Endothelial and epithelial cells form barriers throughout the body that serve to protect and compartmentalize. Endothelial cells line the “inside” surfaces of the body, such as the inside of the blood vessels, while epithelial cells line the “outside” surfaces, such as the skin epidermis and airways. Both cells types express tight junctions, allowing them to link tightly with neighboring cells to form a selectively permeable barrier.
These important barriers can be disrupted by disease, injury, infection, or drugs. Thus, measuring barrier integrity and permeability is vital for understanding disease and predicting drug behavior.
The Maestro Z can continuously monitor barrier integrity via measurements of electrical resistance across the cell layer, a technique known as transepithelial or transendothelial resistance (TEER).
How does TEER work on the Maestro Z?
The Maestro Z uses impedance technology to measure TEER. A small AC current is passed from one electrode to another. TEER measures how much of this electrical signal is blocked by the cellular layer, thereby quantifying barrier integrity. Because impedance is non-invasive and label-free, the barrier can be continuously monitored for minutes, hours, or even days without disturbing the cellular biology.

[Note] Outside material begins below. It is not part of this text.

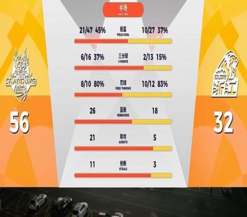 半場打完,山東在鮑威爾、陶漢林、克里斯合砍42分的帶領下,取得56-32領先廣廈,幾乎可以說是完全碾壓廣廈!得分籃板助攻搶斷,數據全面領先廣廈,胡金秋正負值-25,孫銘徽-29,布朗毫無狀態,廣廈三巨頭合計僅得7分。

Traditionally, TEER is measured by placing two “chopstick” style electrodes on either side of a transwell insert with a confluent cell layer. Manual methods, where the electrodes are placed well-by-well, are highly labor intensive. Even automated TEER methods are typically constrained to lower throughputs, like 24 well plates. In contrast, TEER on the Maestro Z is high-throughput and hands-free, allowing measurements across 96 wells simultaneously.

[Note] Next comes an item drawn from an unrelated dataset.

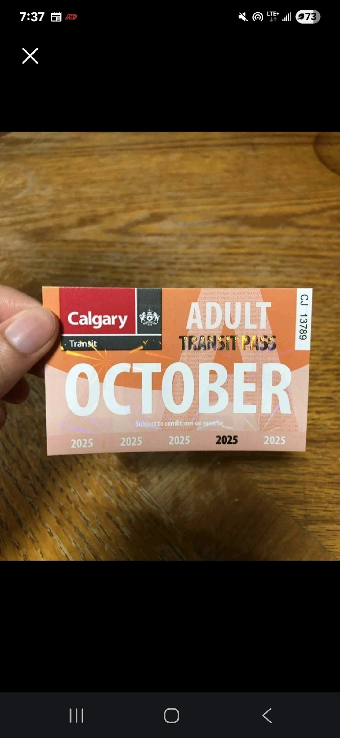 Selling a Calgary Transit Adult Transit Pass, valid for October 2025

Measure coverage and TEER in the same assay
Traditional TEER measurements require a fully confluent cell layer to accurately measure barrier function. In contrast, the Maestro Z tracks coverage and TEER simultaneously and continuously by measuring impedance at multiple frequencies.
Measuring impedance at low frequency is highly sensitive to the intercellular barrier formed by tight junctions and the paracellular barrier formed by cell membranes. On the other hand, measurements at higher frequency can be used to quantify coverage of the well bottom. In other words, low frequencies are sensitive to “what” cells are there, whereas high frequencies are sensitive to “how many” cells are there.

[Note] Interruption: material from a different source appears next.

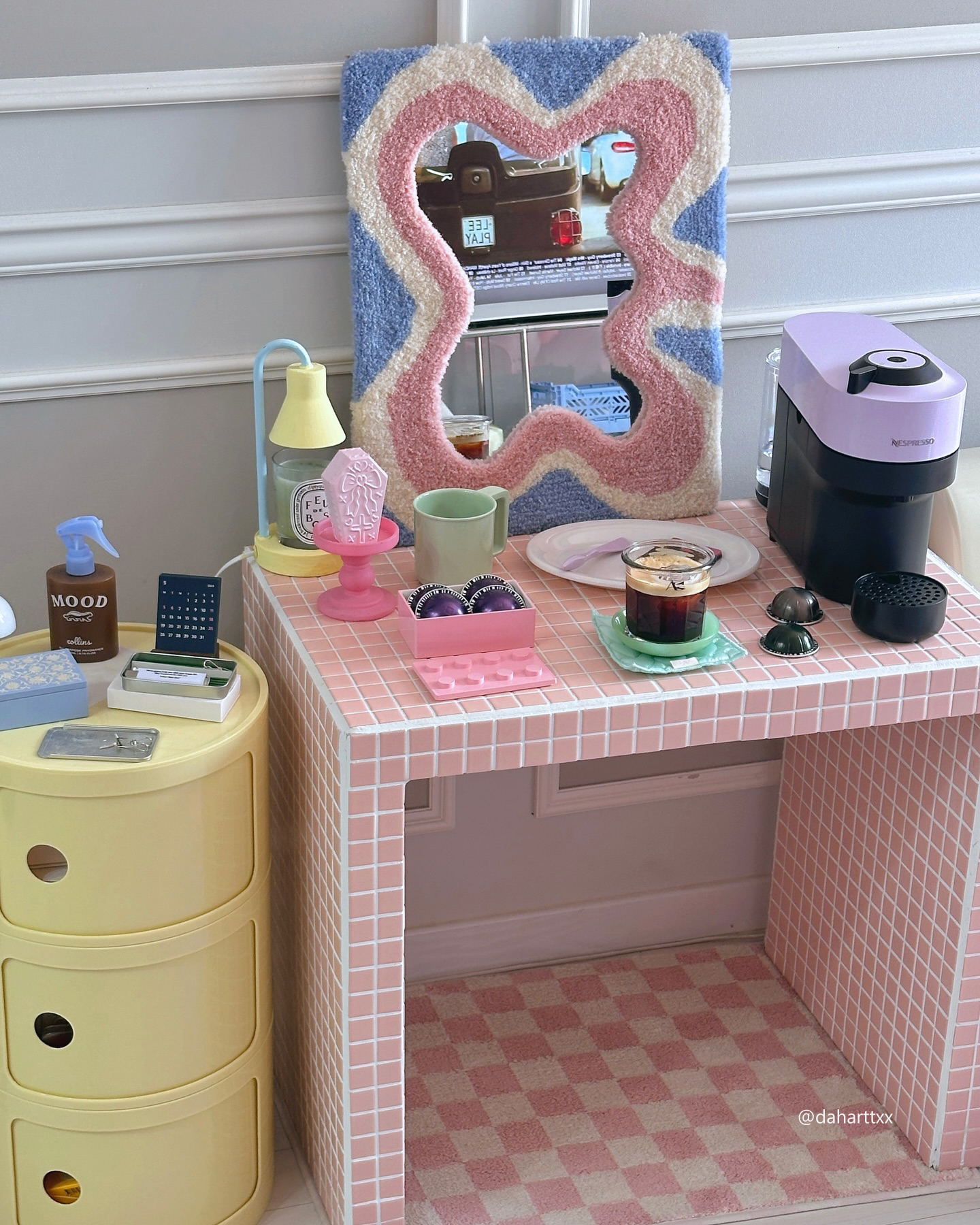 파스텔 톤으로 물든 공간에 귀여운 컬러 커피머신까지!달콤한 하루가 완성됐어요.

In this example, Maestro Z resistance measurements were used to continuously and simultaneously monitor cell coverage and barrier function of two human lung epithelial cell lines. Both cell lines reach full coverage within 24 hours. However, only the Calu-3 cells, which express tight junctions, produce a significant low-frequency TEER signal, indicating a strong cellular barrier.
Fig 3. Coverage, measured as resistance at 41.5 kHz, increases over time for both Calu-3 and A549 cells (top). TEER, measured at 1 kHz, reveals that only Calu-3 cells form a strong barrier though, as they express tight junctions to block flow between neighboring cells (bottom).
Real-time detection of rapid barrier disruption
In addition to long-term monitoring, TEER on the Maestro Z is sensitive to small, transient disruptions to barrier function. Many signaling molecules in the body, such as inflammatory agents like histamine, and common drugs, like ethanol, can alter barrier permeability. TEER on the Maestro Z can capture these disruptions in real-time without being limited to a single endpoint measurement.
Here, TEER was monitored continuously for Calu-3 cells in a 96-well CytoView-Z plate on the Maestro Z. After reaching confluence, cells were dosed with Cytochalasin D and Ethanol. Cytochalasin D inhibits actin polymerization to increase tight junction permeability, as reflected by the rapid decrease in TEER. Ethanol acts more slowly on ZO-1 and Claudin-1, two key tight junction proteins. The rapid disruption, as well as the mechanistically distinct dynamics, are captured by TEER measurements on the Maestro Z.
Fig 4.A. TEER can be measured over the course of proliferation and barrier formation. (B) TEER is highly sensitive to transient drug-induced changes in barrier permeability, such as those induced by Cytochalasin D and Ethanol.